In: The pragmatics encyclopedia, ed. L. Cummings (pp. 55-58).
London and New York: Routledge.
Cognitive Science
Valeria Manera and Maurizio Tirassa
Università di Torino
Dipartimento di Psicologia & Centro di Scienza Cognitiva
via Po, 14
10123 Torino (Italy)
email valeria.manera@unito.it, tirassa@psych.unito.it
Cognitive science is a multidisciplinary approach to the study of mind and intelligence. Its main goals are to draw the architecture of cognition and to understand how cognition enables an organism to interact with and to produce adaptive behaviour within its environment. Cognitive science has also been defined as the study of the different forms of intelligence that characterize the domains of humans, animals and machines (Von Eckardt 2001). Because of the complexities intrinsic to the study of the mind and of the different levels and perspectives from which it may be studied, some theorists prefer to speak of ‘cognitive sciences’ in the plural (Miller 2003).

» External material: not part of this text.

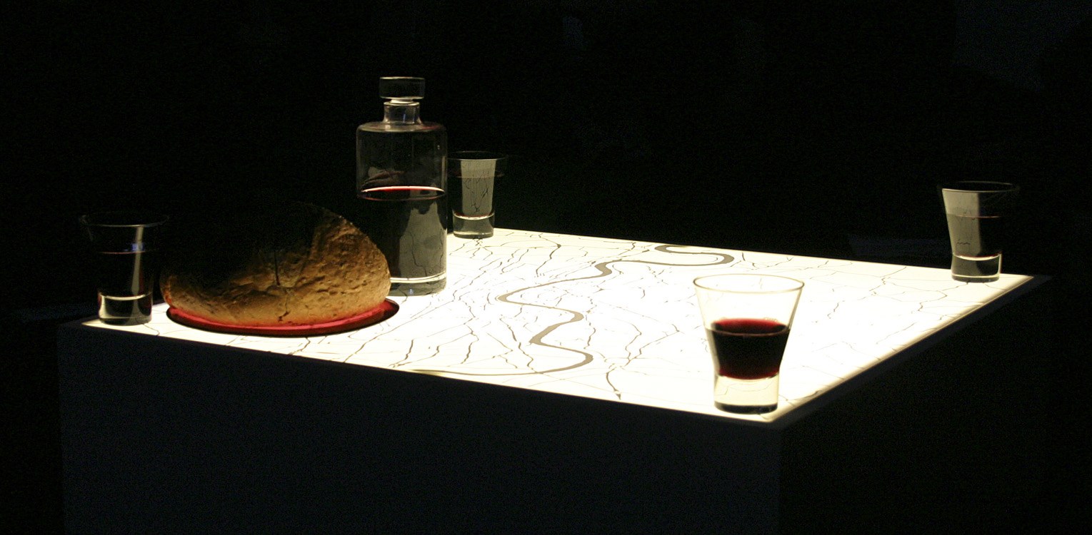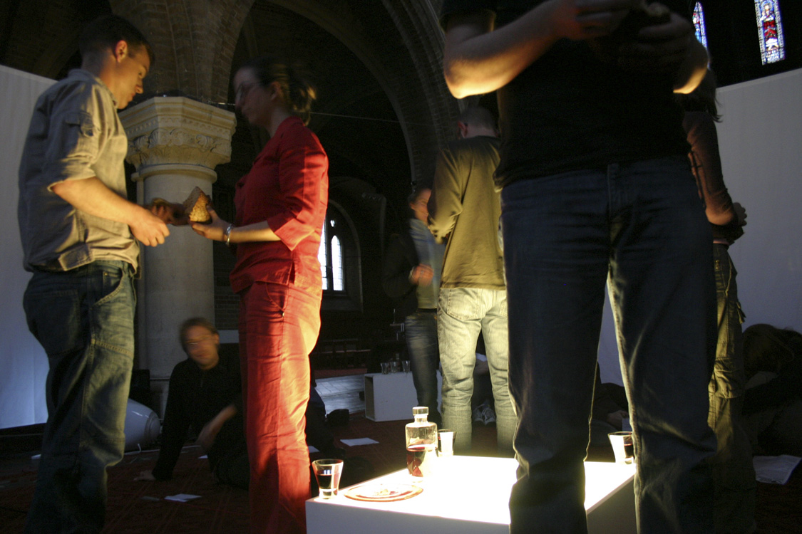 A person stands at each corner of the altar with bread and wine. Each person that receives takes the place of the person who gave, and gives in turn to the next person to approach. |

Some characteristics that were defining of cognitive science in the 1960s are now considered of doubtful utility, while others that were initially marginal occupy a central role in current theorizing. A consequence of the dynamic and multidisciplinary nature of cognitive science is that it is often unclear whether it should be defined based on its object of study (the mind) or on a particular epistemological and methodological approach to it (the simulative or computational one). The only way to avoid this question is to conflate ontology and methodology, an option that presents problems of its own. For these reasons, the nature of cognitive science is better understood from a historical perspective. The proximal intellectual roots of cognitive science may be situated around the middle of the 20th century with the rise of cybernetics (Wiener 1948). This new science claimed that complex machines have to have control systems (that is, subcomponents of their architecture in charge of governing their inner functioning and their interactions with the external world), and that all such systems are to be considered instances of the same natural kind. Control systems began to be considered as machines in their turn and, because Turing machines (Turing 1936), of which digital computers practically are physical incarnations, were provably able to simulate the functioning of any other finite machine, digital computers began to be used to understand and duplicate control systems. The next step on this path was to view the mind as a control system in its turn (Miller et al. 1960) and to therefore claim that it is a machine (Chomsky 1957) and can be simulated by a digital computer. The final pillar of the burgeoning discipline was the reification of the analogy, that is, the claim that human minds – all minds, actually – are digital computers (Newell and Simon 1976).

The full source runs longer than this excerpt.